• [Data for this exercise]
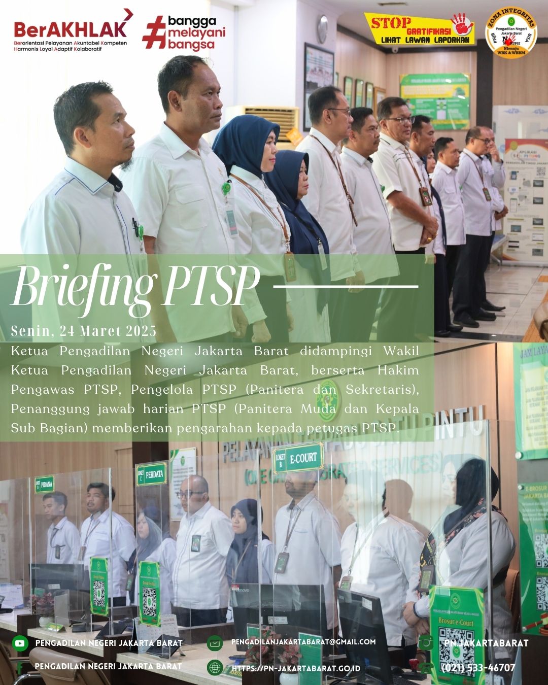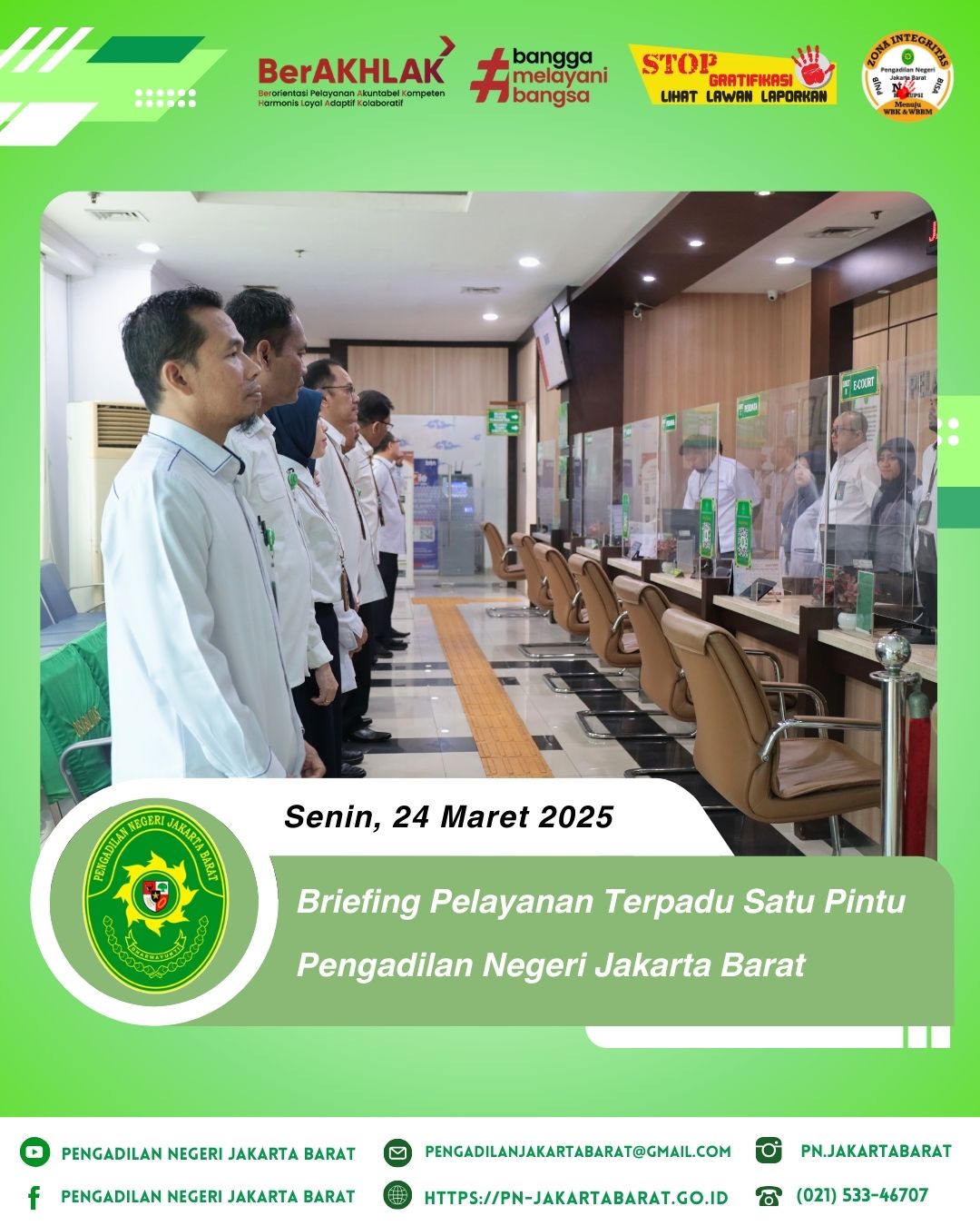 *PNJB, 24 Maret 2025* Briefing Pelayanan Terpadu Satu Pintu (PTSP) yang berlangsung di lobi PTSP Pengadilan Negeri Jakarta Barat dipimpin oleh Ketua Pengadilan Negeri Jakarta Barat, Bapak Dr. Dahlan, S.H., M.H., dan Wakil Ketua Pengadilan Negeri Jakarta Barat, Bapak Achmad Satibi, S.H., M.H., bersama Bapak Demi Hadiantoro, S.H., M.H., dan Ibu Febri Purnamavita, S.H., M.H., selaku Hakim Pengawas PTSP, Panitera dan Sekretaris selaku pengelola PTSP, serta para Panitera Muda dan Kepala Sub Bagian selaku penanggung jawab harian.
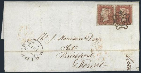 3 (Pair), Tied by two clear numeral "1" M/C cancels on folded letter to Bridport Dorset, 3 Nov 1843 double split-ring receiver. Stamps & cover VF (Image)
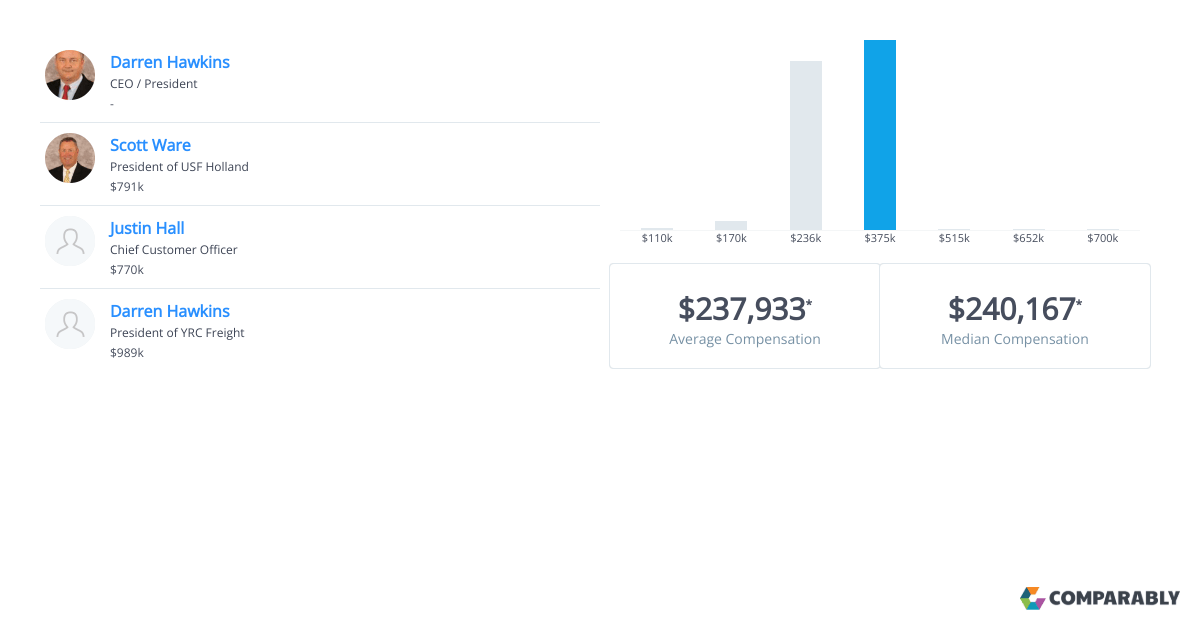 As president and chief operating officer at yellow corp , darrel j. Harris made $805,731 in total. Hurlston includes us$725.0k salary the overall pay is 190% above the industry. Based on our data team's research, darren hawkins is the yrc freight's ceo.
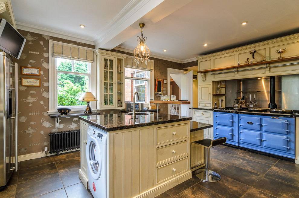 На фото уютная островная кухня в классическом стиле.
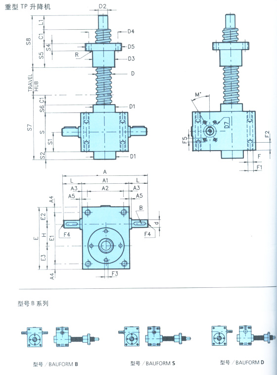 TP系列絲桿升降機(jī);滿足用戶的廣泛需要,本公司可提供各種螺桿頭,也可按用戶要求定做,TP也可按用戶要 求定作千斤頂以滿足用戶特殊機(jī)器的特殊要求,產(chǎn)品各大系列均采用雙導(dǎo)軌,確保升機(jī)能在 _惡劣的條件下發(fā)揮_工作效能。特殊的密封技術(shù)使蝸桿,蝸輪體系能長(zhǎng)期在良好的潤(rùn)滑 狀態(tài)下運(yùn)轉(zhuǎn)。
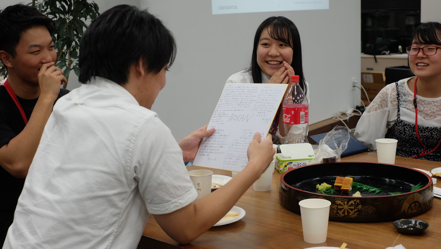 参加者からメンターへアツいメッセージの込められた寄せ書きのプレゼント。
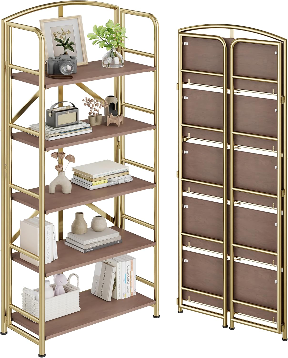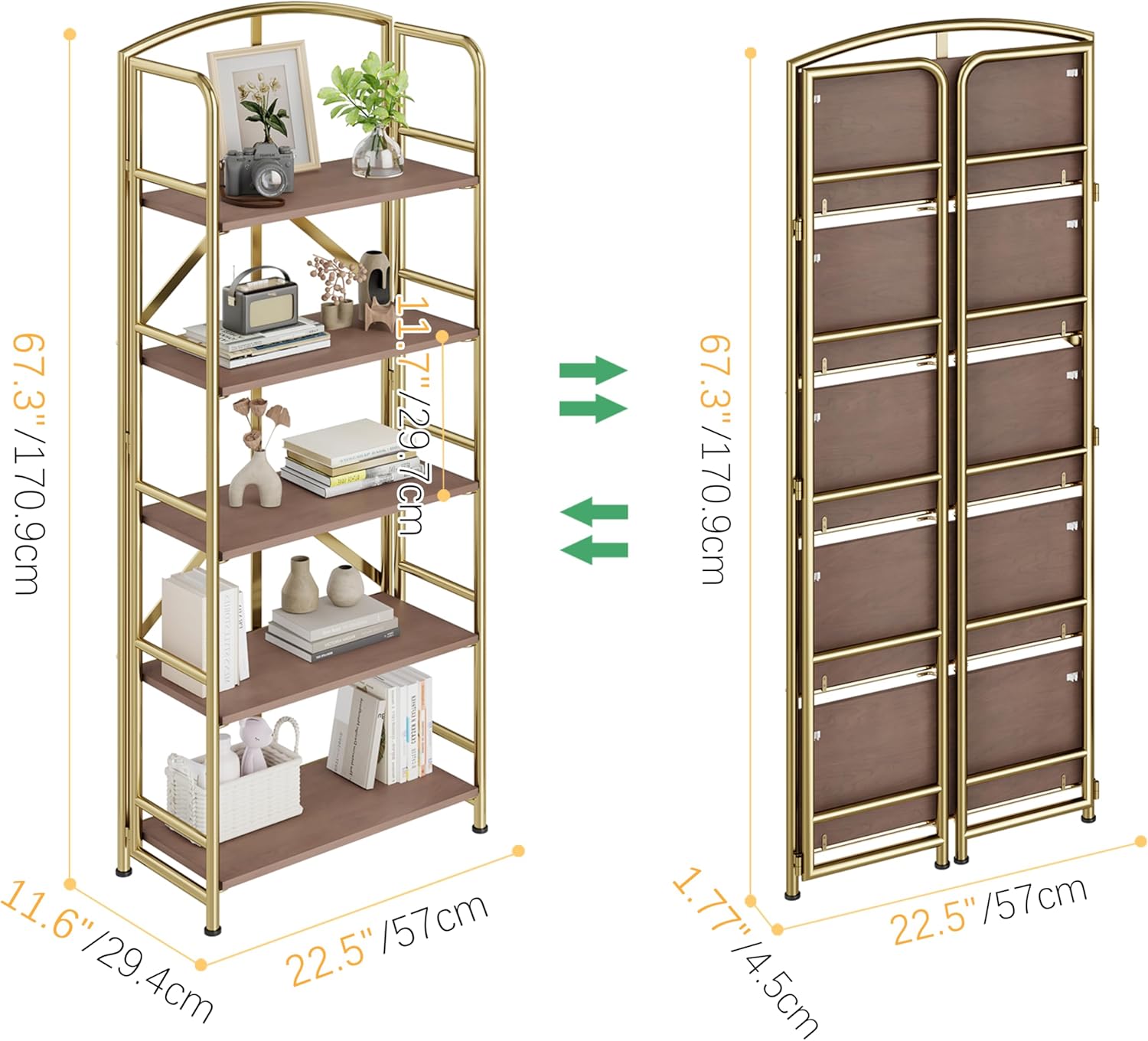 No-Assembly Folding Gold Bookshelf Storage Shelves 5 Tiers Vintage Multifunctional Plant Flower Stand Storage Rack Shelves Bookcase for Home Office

• [Work to complete] When you set down the records above, copy every line exactly and exclude the pictures.

• [Exercise result]
 *PNJB, 24 Maret 2025* Briefing Pelayanan Terpadu Satu Pintu (PTSP) yang berlangsung di lobi PTSP Pengadilan Negeri Jakarta Barat dipimpin oleh Ketua Pengadilan Negeri Jakarta Barat, Bapak Dr. Dahlan, S.H., M.H., dan Wakil Ketua Pengadilan Negeri Jakarta Barat, Bapak Achmad Satibi, S.H., M.H., bersama Bapak Demi Hadiantoro, S.H., M.H., dan Ibu Febri Purnamavita, S.H., M.H., selaku Hakim Pengawas PTSP, Panitera dan Sekretaris selaku pengelola PTSP, serta para Panitera Muda dan Kepala Sub Bagian selaku penanggung jawab harian.
 3 (Pair), Tied by two clear numeral "1" M/C cancels on folded letter to Bridport Dorset, 3 Nov 1843 double split-ring receiver. Stamps & cover VF (Image)
 As president and chief operating officer at yellow corp , darrel j. Harris made $805,731 in total. Hurlston includes us$725.0k salary the overall pay is 190% above the industry. Based on our data team's research, darren hawkins is the yrc freight's ceo.
 На фото уютная островная кухня в классическом стиле.
 TP系列絲桿升降機(jī);滿足用戶的廣泛需要,本公司可提供各種螺桿頭,也可按用戶要求定做,TP也可按用戶要 求定作千斤頂以滿足用戶特殊機(jī)器的特殊要求,產(chǎn)品各大系列均采用雙導(dǎo)軌,確保升機(jī)能在 _惡劣的條件下發(fā)揮_工作效能。特殊的密封技術(shù)使蝸桿,蝸輪體系能長(zhǎng)期在良好的潤(rùn)滑 狀態(tài)下運(yùn)轉(zhuǎn)。
 参加者からメンターへアツいメッセージの込められた寄せ書きのプレゼント。
 No-Assembly Folding Gold Bookshelf Storage Shelves 5 Tiers Vintage Multifunctional Plant Flower Stand Storage Rack Shelves Bookcase for Home Office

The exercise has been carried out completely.